EXTRACTED MATERIAL
____________
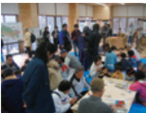
「遊び」～クラフト教室～

同施設は、薪炭林などとして利用されなくなった現在の里山において、「森の学校」をテーマに人と里山との新しい関わり方を模索する場を目指しています。また、豊かな自然環境や多様な生き物の生息空間を後世に残すため、市民協働による里山保全活動を行うとともに、「遊び」「農」「学習」「食」「散策」などの活動を通して「里山文化の伝承」を図っています。
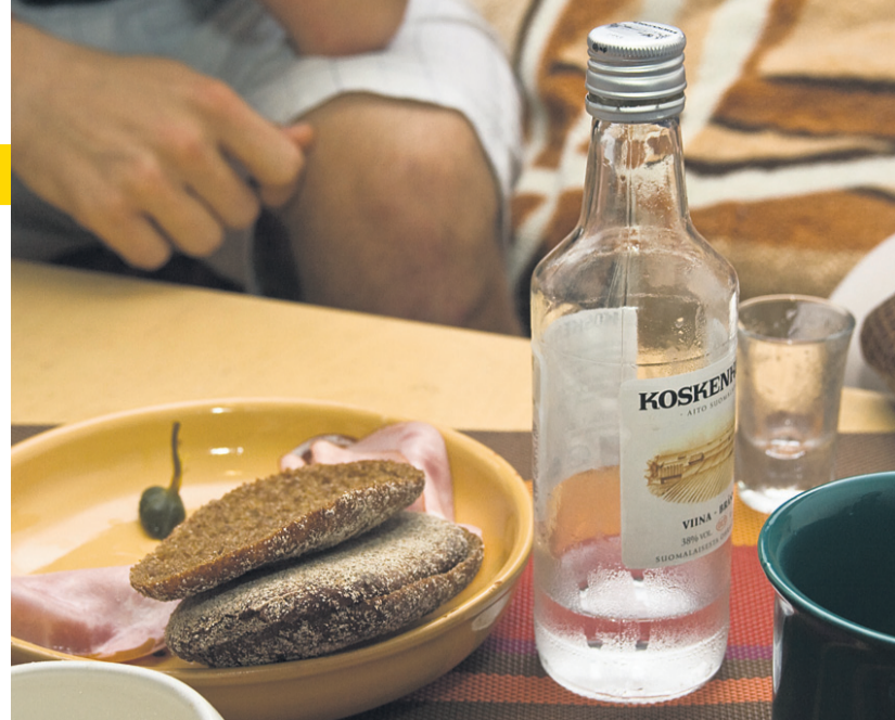
Venäjäällä, mutta suomalaista leipää ja viinaa.

Azadeh Okhovatille tärkeitä perinteitä ovat muun muassa käsin tehdyt pöytälinat ja keramiikka.
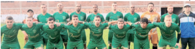
Rudibar joga pelo empate
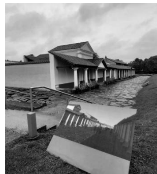
Рис. 9. Видова точка, з якої можна побачити віртуальну реконструкцію вулиці через мобільний додаток. Археологічний парк Петронель-Карнунтум, Карнунтум, Австрія
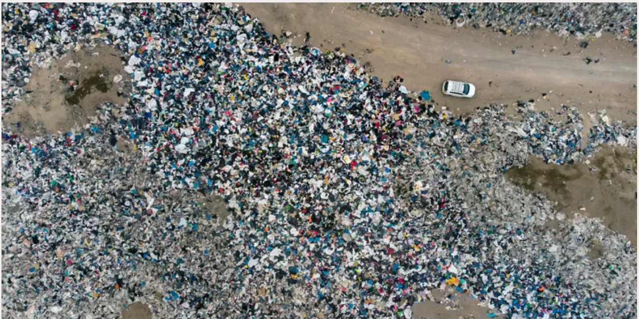
Descaso com tecidos têxteis no Deserto do Atacama, que se torna o deserto dos tecidos.

Imagine um deserto. Não um deserto de areia e cactos, mas um mar de roupas e tecidos que se estende até onde a vista alcança. Essa é a chocante realidade do Deserto do Atacama, no Chile, que se tornou um símbolo global do descaso com os resíduos têxteis. Essa imagem impactante, é apenas a ponta do iceberg de um problema que atinge o mundo todo. O consumo desenfreado, a "moda rápida" (fast fashion) e a falta de um destino correto para as roupas depois do uso estão transformando rios, mares e vastos territórios em depósitos de lixo têxtil.
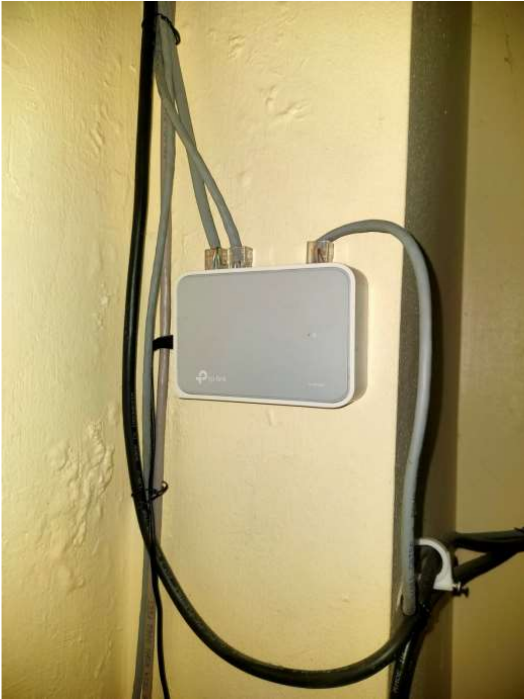
Gambar 4.37. Perangkat Switch (Kantor)
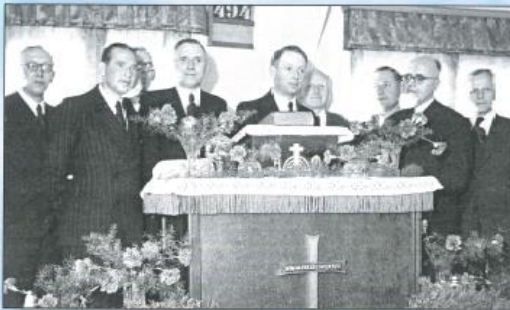
Bremen - Osterior 1951.
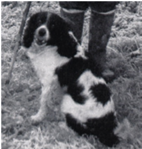
Springerhannet F.T.Ch. Readhead Riley
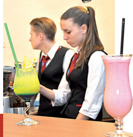
Střední škola se prezentovala v plné parádě. Den otevřených dveří zpestřilo klání kadeřníků a kuchařů-číšníků.
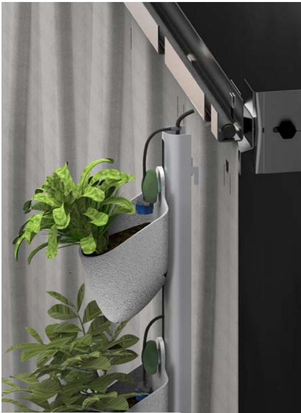
Figura 4. Fijación de riel (con plantas y riego) a panel
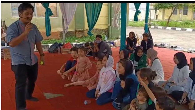
Gambar 4. Story telling untuk refugee anak
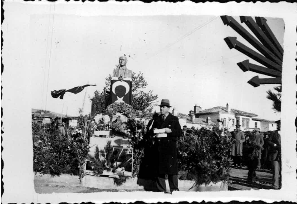
Ek-10: 21 Kasım 1938'de Atatürk'ün cenaze töreni nedeniyle Tavas'ta Yapılan törenden bir fotoğraf.
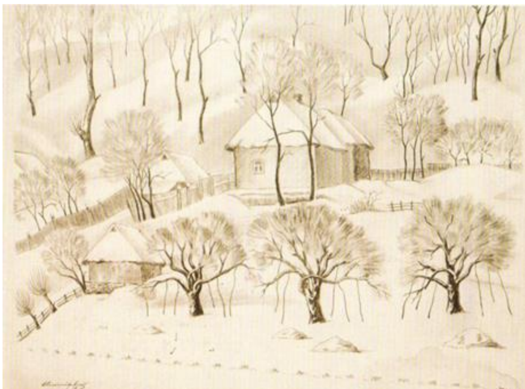
Рис.1.21. Іван Олександрович. «Седнів. Зима», 1978 р.
____________
TASK INSTRUCTIONS
Beginning at the line that holds "Imagine um deserto." and ending with the last line of the entries, please set down each line exactly, leaving every picture out.

WRITTEN RESPONSE
Imagine um deserto. Não um deserto de areia e cactos, mas um mar de roupas e tecidos que se estende até onde a vista alcança. Essa é a chocante realidade do Deserto do Atacama, no Chile, que se tornou um símbolo global do descaso com os resíduos têxteis. Essa imagem impactante, é apenas a ponta do iceberg de um problema que atinge o mundo todo. O consumo desenfreado, a "moda rápida" (fast fashion) e a falta de um destino correto para as roupas depois do uso estão transformando rios, mares e vastos territórios em depósitos de lixo têxtil.
Gambar 4.37. Perangkat Switch (Kantor)
Bremen - Osterior 1951.
Springerhannet F.T.Ch. Readhead Riley
Střední škola se prezentovala v plné parádě. Den otevřených dveří zpestřilo klání kadeřníků a kuchařů-číšníků.
Figura 4. Fijación de riel (con plantas y riego) a panel
Gambar 4. Story telling untuk refugee anak
Ek-10: 21 Kasım 1938'de Atatürk'ün cenaze töreni nedeniyle Tavas'ta Yapılan törenden bir fotoğraf.
Рис.1.21. Іван Олександрович. «Седнів. Зима», 1978 р.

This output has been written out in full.